The hulong hybrid grouper is produced by crossing two parent species with significant differences in growth rates: the giant grouper and the brown-marbled grouper. The self-cross population of hulong hybrid grouper is an ideal material for breeding, as it offers significant advantages for genetic studies, including high genetic diversity, extensive phenotypic segregation, and abundant genetic variation. In this study, we successfully constructed such a self-cross population of hulong hybrid grouper, providing a crucial resource for future grouper breeding. By integrating bulk segregant analysis (BSA) with comparative transcriptomics in this population, our study identified a major quantitative trait locus (QTL) and a set of key candidate genes associated with the growth of giant grouper. More importantly, these findings provide novel insights into the potential genetic mechanisms underlying the superior growth performance of the giant grouper.

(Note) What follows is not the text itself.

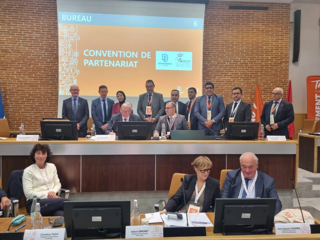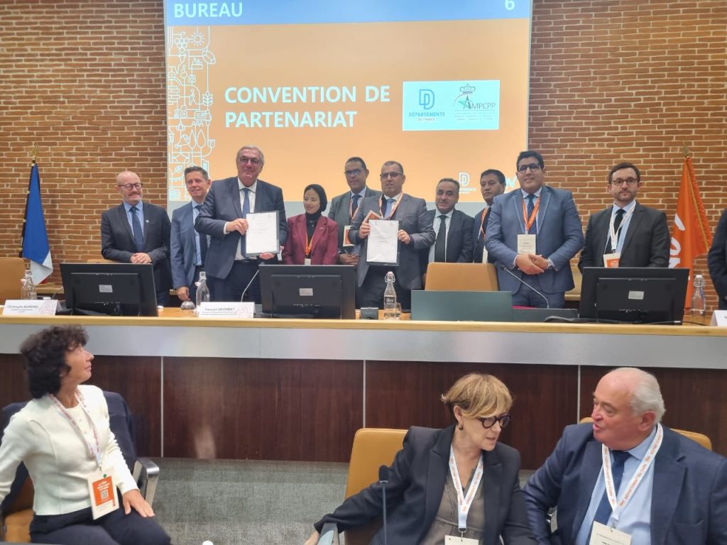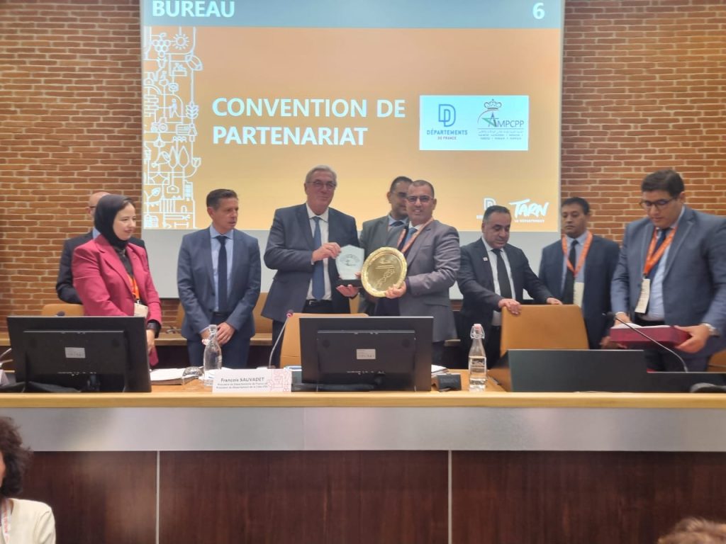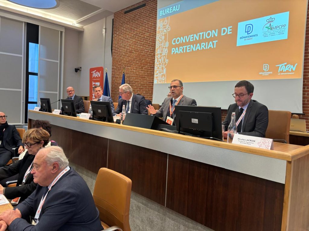 بدعوة رسمية من جمعية أقاليم فرنسا شارك وفد من الجمعية المغربية لرؤساء مجالس العمالات والأقاليم برئاسة السيد رئيس الجمعية وحضور أعضاء من مكتبها التنفيذي في منتدى نظمته الجمعية الفرنسية بمناسبة انعقاد جمعها العام وذلك خلال الفترة المتراوحة ما بين 12 و14 نونبر 2025 بمدينة “ألبي” التابعة لاقليم “طارن” الفرنسي. ويأتي هذا اللقاء في إطار علاقات التعاون التي تربط الجانبين والتي بدأت بالزيارة التي قام بها رئيس جمعية أقاليم فرنسا على رأس وفد هام شهر يونيو الماضي للمغرب والتي شملت مدن الرباط وسلا والصخيرات تمارة وطنجة حيث تم تدارس مسألة تطوير علاقات الشراكة والتعاون بين مجالس العمالات والأقاليم ونظيراتها الفرنسية في إطار الاختصاصات المخولة لهما وزيارة عدد من المرافق الاجتماعية. هذا وقد حضر أعضاء الوفد المغربي أشغال عدد من الورشات التي تضمنها برنامج المنتدى تناولت مواضيع متعددة منها:*الرقمنة والمجال الترابي: نحو عدالة ولوج حقيقية.*المسالك الطرقية و الحركية: التحديات والفرص للمجالات الترابية.*التشغيل والادماج : أية نماذج جديدة للتعاون.*ممتلكات الأقاليم: التدبير، التحسين، التعزيز.*الاستقلالية والشيخوخة: قضية مركزية للمجالات الترابية.هذا وقد توج لقاء وفد الجمعية مع مسؤولي الجمعية الفرنسية بتوقيع اتفاقية تعاون بين الجانبين تشمل تحديد مجالات العمل المشترك وتسهيل عقد شراكات بين المجالس المغربية والفرنسية لتنزيل مشاريع مشتركة لخدمة مصالح الساكنة. وبالمناسبة تم توجيه دعوة رسمية للجانب الفرنسي لعقد اللقاء المقبل بين الجانبين بمدينة الداخلة حيث ستكون مناسبة لاطلاع الجانب الفرنسي على الدينامية التنموية التي تعرفها مناطقنا الجنوبية.من جهة أخرى كانت للسيدة والسادة رؤساء المجالس أعضاء الوفد المغربي لقاءات ثنائية جانبية مع نظرائهم من الأقاليم الفرنسية حيث تم تعريف الجانب الفرنسي بأهداف الجمعية وكذا بتطور التجربة اللامركزية وبمجال الديمقراطية المحلية بالمملكة منذ الاستقلال إلى غاية دستور 2011 الذي أرسى معالمه مولانا صاحب الجلالة الملك محمد السادس نصره الله، وصدور القوانين التنظيمية لسنة 2015. كما تدارسوا سبل ربط علاقات تعاون لتبادل التجارب والخبرات في الميادين ذات الاهتمام المشترك ووفق الاختصاصات المنوطة بهذه المستويات الترابية.

4.1. Identification of the Growth-Related QTL and SNPs by BSA

Precise localization of genomic regions that control complex traits is one of the purposes of molecular breeding [37,38]. In this study, by leveraging the high recombination rates in the F2 segregating population and the efficiency of the BSA strategy, we successfully narrowed down a major growth-associated QTL to a 2.1 Mb interval on chromosome 2. Unlike previous studies that often reported broad QTL intervals spanning tens of megabases [39,40,41], this refined region containing only 23 annotated genes provides a manageable and focused set of targets for candidate gene discovery. Within this region, the identification of five non-synonymous SNPs is particularly significant. Non-synonymous variants are of distinct biological interest because they directly alter the amino acid sequence, potentially impacting protein structure and function [42,43], which makes them an important cause of the causal mutations underlying the observed growth divergence.
The five identified growth-related SNPs are located in the exons of four genes: adamts10, E.fuscoguttatus.1399, E.fuscoguttatus.14014, E.fuscoguttatus.14170. Among these, adamts10 is a particularly compelling candidate. The ADAMTS family, comprising 19 members, is known to play crucial roles in connective tissue organization and skeletal development [44]. Specifically, adamts6 and adamts10 are involved in fine-tuning fibrillin microfibrils during limb development. These microfibrils, in turn, regulate growth factors of the TGF-β superfamily, including bone morphogenetic proteins (BMPs) and growth/differentiation factors (GDFs). Deficiencies in adamts6 or adamts10 can lead to an abnormal accumulation of fibrillin microfibrils, which impairs downstream BMP signaling and consequently affects normal skeletal formation [45]. The role of adamts10 in skeletal growth and development in both humans and mice strongly supports its potential involvement in regulating fish growth [46,47,48]. The non-synonymous mutation identified in the exon of adamts10 in our study could potentially alter the protein sequence, thereby affecting its function and leading to a slower or hindered skeletal development rate. While the functions of the other three genes containing non-synonymous SNPs remain uncharacterized and warrant further research, the variants identified in this study are of immediate value. These non-synonymous SNPs, strongly associated with growth, represent a valuable resource of molecular markers. They can be integrated into marker-assisted selection (MAS) programs to facilitate the genetic improvement of groupers and breed new strains with superior growth performance.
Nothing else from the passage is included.